What you are asked to do —
What's needed is an exact copy of all the data below, without pictures.

Collected data —
....

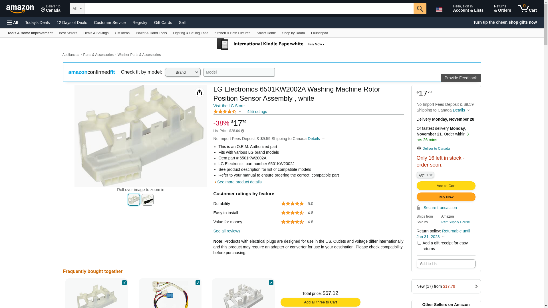 | Partstown | LGE6501KW2002A | 1 | 1 | 1 @ $34.61 | |
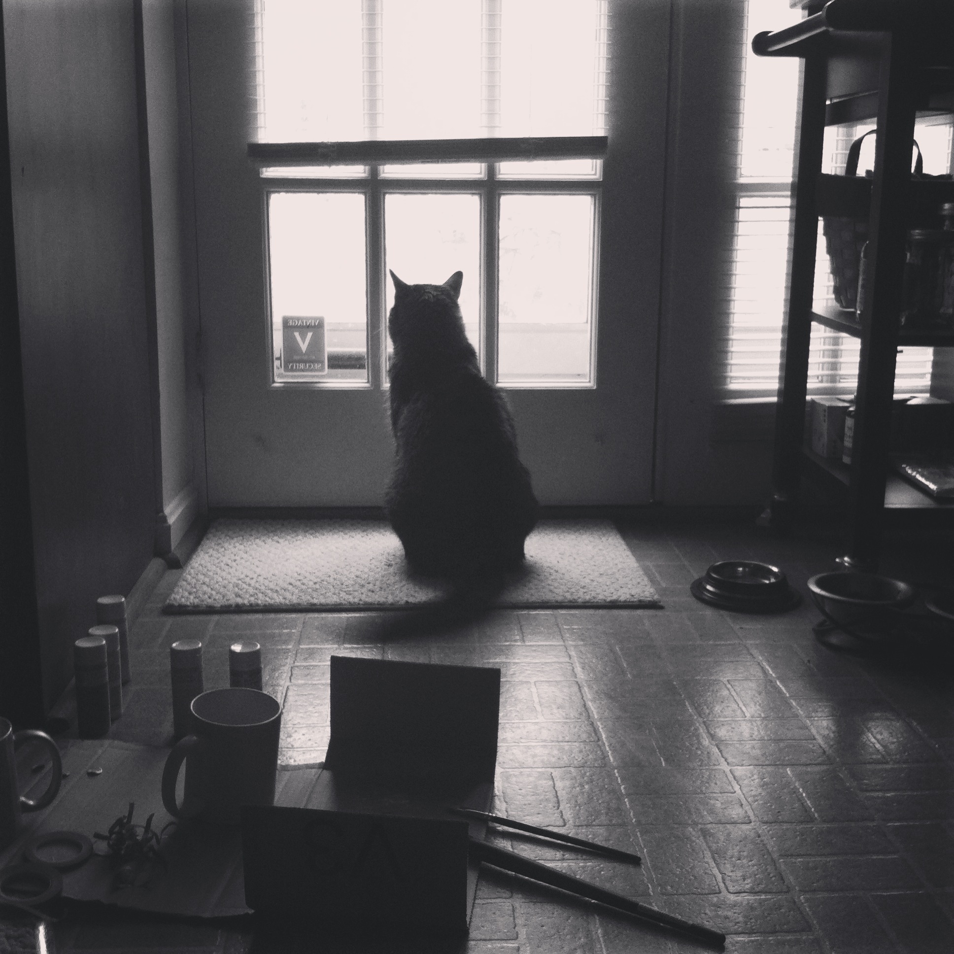 {Here’s our cat, Lucky, yesterday either bird watching our waiting for the snow. We knew it was coming despite the warmer weather!}
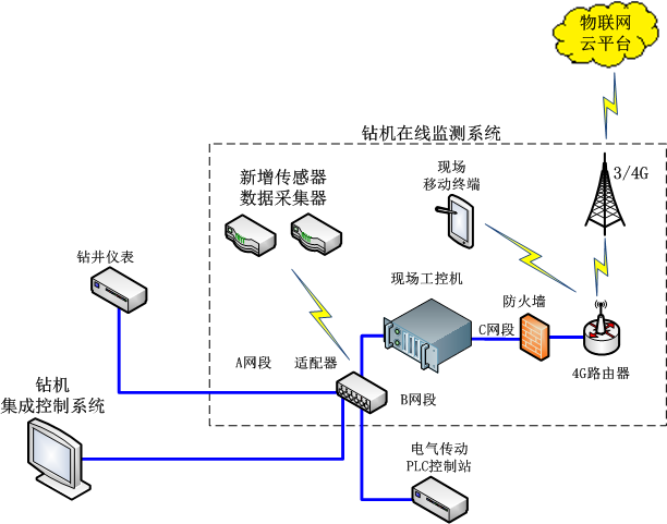 通過(guò)寄云NeuSeer Edge工業(yè)網(wǎng)關(guān),從鉆機(jī)集成控制系統(tǒng)、鉆井儀表、電氣傳動(dòng)PLC控制站以及新增的各種狀態(tài)傳感器等控制系統(tǒng)和傳感器中,通過(guò)OPC UA、ModBus、CAN、Profibus/Profinet等通信接口,讀取鉆井工藝參數(shù)、設(shè)備運(yùn)行參數(shù)、運(yùn)維管理參數(shù)等信息,通過(guò)MQTT發(fā)送到物聯(lián)網(wǎng)平臺(tái)。
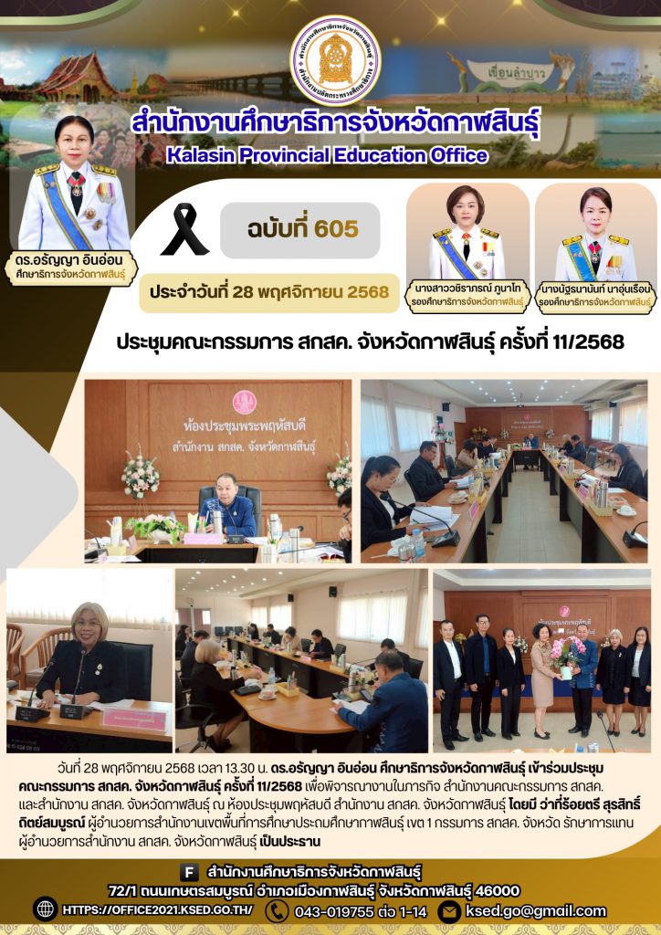 วันที่ 28 พฤศจิกายน 2568 เวลา 13.30 น. ดร.อรัญญา อินอ่อน ศึกษาธิการจังหวัดกาฬสินธุ์ เข้าร่วมประชุมคณะกรรมการ สกสค.จังหวัดกาฬสินธุ์ ครั้งที่ 11/2568 เพื่อพิจารณางานในภารกิจ สำนักงานคณะกรรมการ สกสค. และสำนักงาน สกสค. จังหวัดกาฬสินธุ์ ณ ห้องประชุมพฤหัสบดี สำนักงาน สกสค. จังหวัดกาฬสินธุ์ โดยมี ว่าที่ร้อยตรี สุรสิทธิ์ ถิตย์สมบูรณ์ ผู้อำนวยการสำนักงานเขตพื้นที่การศึกษาประถมศึกษากาฬสินธุ์ เขต 1 กรรมการ สกสค. จังหวัด รักษาการแทนผู้อำนวยการสำนักงาน สกสค. จังหวัดกาฬสินธุ์ เป็นประธาน

....

Expected answer —
 | Partstown | LGE6501KW2002A | 1 | 1 | 1 @ $34.61 | |
 {Here’s our cat, Lucky, yesterday either bird watching our waiting for the snow. We knew it was coming despite the warmer weather!}
 通過(guò)寄云NeuSeer Edge工業(yè)網(wǎng)關(guān),從鉆機(jī)集成控制系統(tǒng)、鉆井儀表、電氣傳動(dòng)PLC控制站以及新增的各種狀態(tài)傳感器等控制系統(tǒng)和傳感器中,通過(guò)OPC UA、ModBus、CAN、Profibus/Profinet等通信接口,讀取鉆井工藝參數(shù)、設(shè)備運(yùn)行參數(shù)、運(yùn)維管理參數(shù)等信息,通過(guò)MQTT發(fā)送到物聯(lián)網(wǎng)平臺(tái)。
 วันที่ 28 พฤศจิกายน 2568 เวลา 13.30 น. ดร.อรัญญา อินอ่อน ศึกษาธิการจังหวัดกาฬสินธุ์ เข้าร่วมประชุมคณะกรรมการ สกสค.จังหวัดกาฬสินธุ์ ครั้งที่ 11/2568 เพื่อพิจารณางานในภารกิจ สำนักงานคณะกรรมการ สกสค. และสำนักงาน สกสค. จังหวัดกาฬสินธุ์ ณ ห้องประชุมพฤหัสบดี สำนักงาน สกสค. จังหวัดกาฬสินธุ์ โดยมี ว่าที่ร้อยตรี สุรสิทธิ์ ถิตย์สมบูรณ์ ผู้อำนวยการสำนักงานเขตพื้นที่การศึกษาประถมศึกษากาฬสินธุ์ เขต 1 กรรมการ สกสค. จังหวัด รักษาการแทนผู้อำนวยการสำนักงาน สกสค. จังหวัดกาฬสินธุ์ เป็นประธาน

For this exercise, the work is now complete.